### PROBLEM
Retype only the lines from the top of the records to the line with "Procesión de flagelantes", including that line but none of the pictures.

### EXTRACTED RECORDS
_____

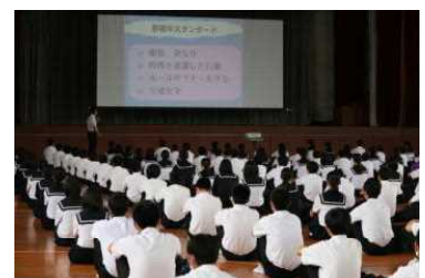
全体生徒指導で話を聞く生徒

その後、通学国会を行いました。通学路の危険箇所や名簿の確認をしたり、団長や副団長を決めたりしました。1年生は、自分の通学路を地図に記入しました。
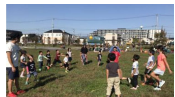
2018年10月に開催したBBQ大会の様子
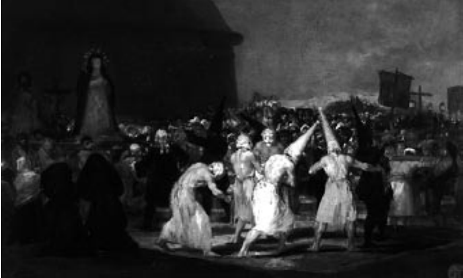
Procesión de flagelantes (1812-1819). Autor: Francisco de Goya y Lucientes Museo de la Real Academia de Bellas Artes de San Fernando (Madrid, España).

locales, sentando así un precedente para las celebraciones de las siguientes décadas, según relatamos a continuación.

_____

### TASK ANSWER
全体生徒指導で話を聞く生徒

その後、通学国会を行いました。通学路の危険箇所や名簿の確認をしたり、団長や副団長を決めたりしました。1年生は、自分の通学路を地図に記入しました。
2018年10月に開催したBBQ大会の様子
Procesión de flagelantes (1812-1819). Autor: Francisco de Goya y Lucientes Museo de la Real Academia de Bellas Artes de San Fernando (Madrid, España).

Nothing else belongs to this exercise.